Since the introduction of the post-4.1 authentication method, the choice of authentication method was performed on the length of the password hash alone, thus enabling easy change of the authentication methods through a password change. This has become a problem with the introduction of other authentication methods in 5.5. We needed a special value (empty) of the authentication plugin column and a set of special cases throughout the code to support the backward compatible behavior. Since in 5.6 the pre-4.1 password hash is to be deprecated this worklog aims to remove this backward compatible layer and simplify the authentication code by removing the special cases. Now the native authentication methods will be subject to the same rules as the other authentication methods. User Documentation ================== http://dev.mysql.com/doc/relnotes/mysql/5.7/en/news-5-7-2.html http://dev.mysql.com/doc/refman/5.7/en/server-system- variables.html#sysvar_default_authentication_plugin http://dev.mysql.com/doc/refman/5.7/en/mysql-install-db.html http://dev.mysql.com/doc/refman/5.7/en/mysql-upgrade.html
The modifications required for each of the requirements, is listed below: 1) Make plugin column in mysql.user table a non-null: The plugin column will be made non null and the default value will be 'mysql_native_password' as we intend to discontinue supporting blank plugin values. 2) Change mysql_install_db to fill plugin value when creating root users: The plugin given along with the option '--default-authentication-plugin' is to be filled in the plugin value of all the users. If this option is not used, 'mysql_native_password' must be filled in the field. 3) Upgrade script must identify all accounts with empty plugin and fill required plugin value: Plugin field must be filled(in case it is blank) during mysql_upgrade according to the length of existing password hash. If length of hash = 0 or 41, plugin = mysql_native_password. If length of hash = 16, plugin = mysql_old_password. Along with this, the plugin field must be made NON NULL and the default must be set as 'mysql_native_password'. 4) FLUSH PRIVILEGES must throw a warning when it encounters a user with blank plugin value. The user details are not put in memory cache and that user account becomes useless(cannot be logged in with) until the plugin field is updated properly. The same is the case on restarting the server too. 5) A read only global server variable @@default_authentication_plugin is to be added to the list of variables. Once the worklog is implemented, before running mysql_upgrade, the server needs to be started with --skip-grant-tables option. After the upgrade, the server should be restarted, this time without --skip-grant-tables, for better security.

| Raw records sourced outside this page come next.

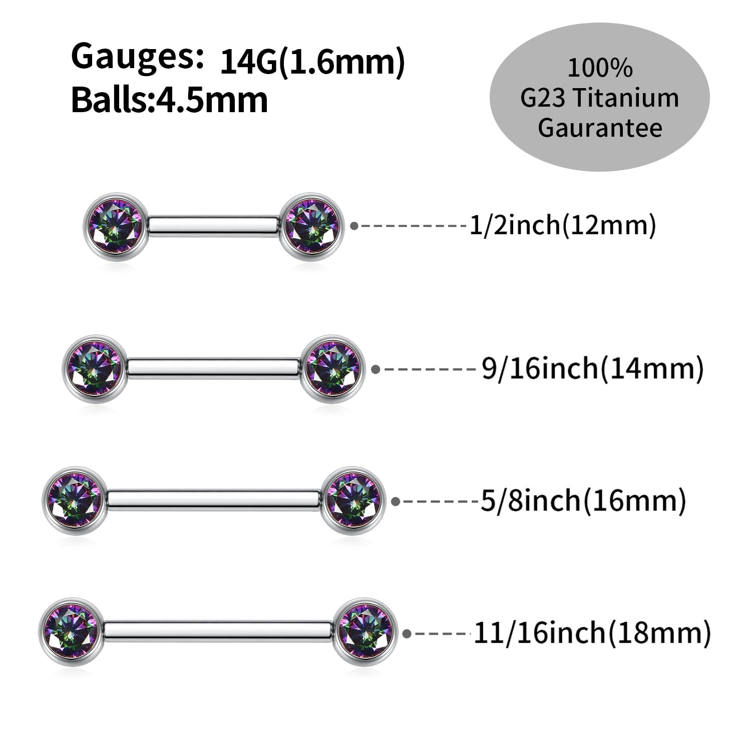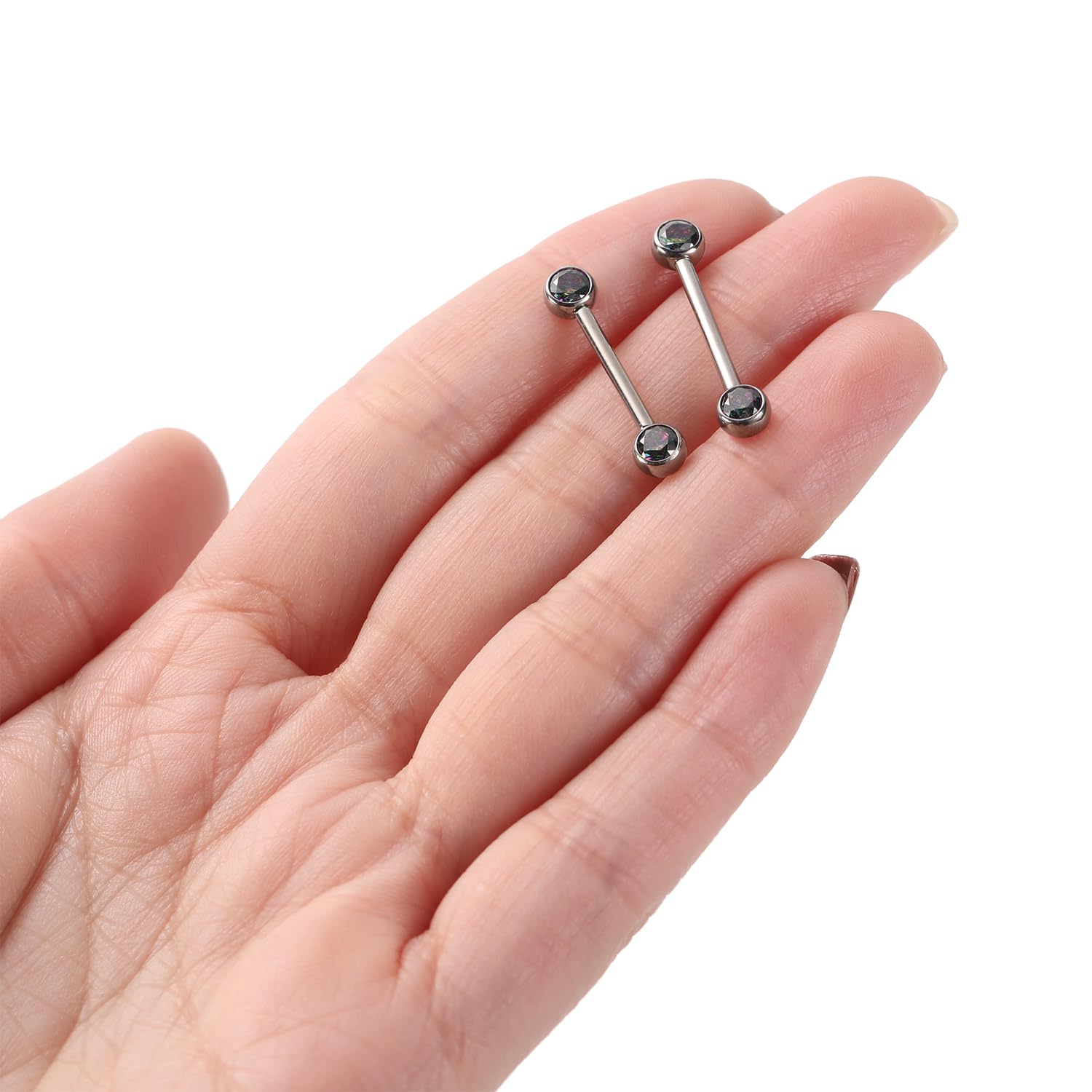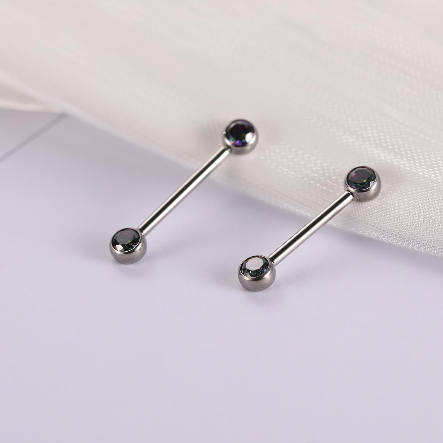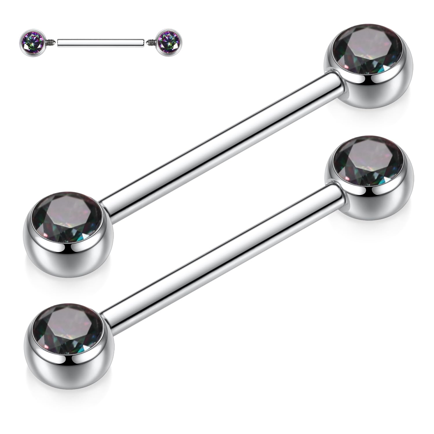 ✤SIZE&COLOR✤ Gauge: 14G (1.6mm); Nipple Barbell Length:1/2"(12mm); CZ Size: 5mm. Color:Silver with vitrail medium cube zircon.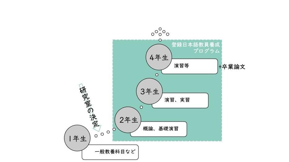 東北大学文学部には、26の研究室があり、その中の1つ日本語教育学研究室で「登録日本語教員養成プログラム」が運営されています。学生たちは、文学部の学生として入学し、2年生になる際に研究室に配属され、専門が決まります。研究室に配属されると同時に、「登録日本語教員養成プログラム」が始まり、3年生後期の実践研修に向けて科目履修を進めていきます(図1)。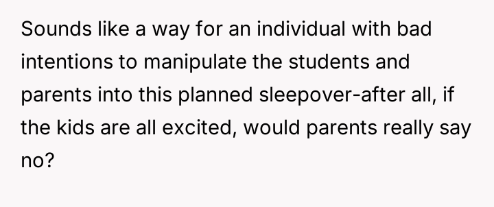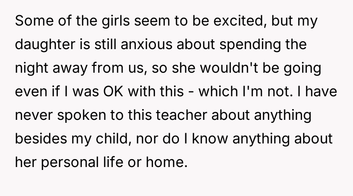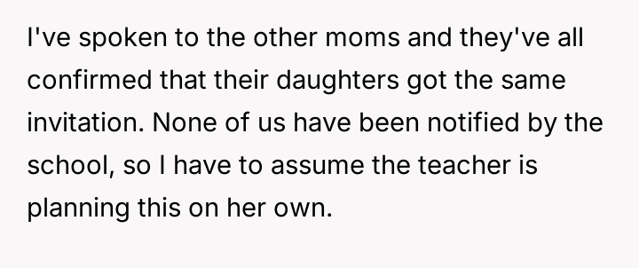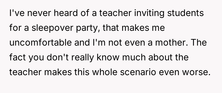 Given the differing reactions among the parents—some accepting while the OP remains highly cautious—the central question remains: Should parents prioritize trusting a teacher's informal invitation for a personal event, or is it always necessary to challenge such boundary-crossing behavior that occurs outside the established educational framework?

1) Make plugin column in mysql.user table a non-null: In scripts/mysql_system_tables.sql, replace plugin char(64) DEFAULT '' with plugin char(64) DEFAULT 'mysql_native_password' NOT NULL in the 'CREATE TABLE IF NOT EXISTS user ...' statement. 2) Change mysql_install_db to fill plugin value when creating root users: scripts/mysql_system_tables_data.sql is used for populating mysql.user table. While inserting the rows corresponding to 'root', instead of inserting a blank value for plugin, the new variable @@default_authentication_plugin, must be used. 3) Upgrade script must identify all accounts with empty plugin and fill required plugin value: The following statements is to be added to the file scripts/mysql_system_tables_fix.sql ALTER TABLE user ADD plugin char(64) DEFAULT 'mysql_native_password' NOT NULL, ADD authentication_string TEXT; UPDATE user SET plugin=IF(length(password) = 16, 'mysql_old_password', 'mysql_native_password') WHERE plugin = ''; ALTER TABLE user MODIFY plugin char(64) DEFAULT 'mysql_native_password' NOT NULL; 4) FLUSH PRIVILEGES must throw a warning when it encounters a user with blank plugin value. The function validate_user_plugin_records() checks if all the users have a valid plugin on running FLUSH PRIVILEGES. Right now it checks if the plugin name is non empty and a warning is thrown only when invalid non blank names are used. The same warning must be thrown for a blank name too.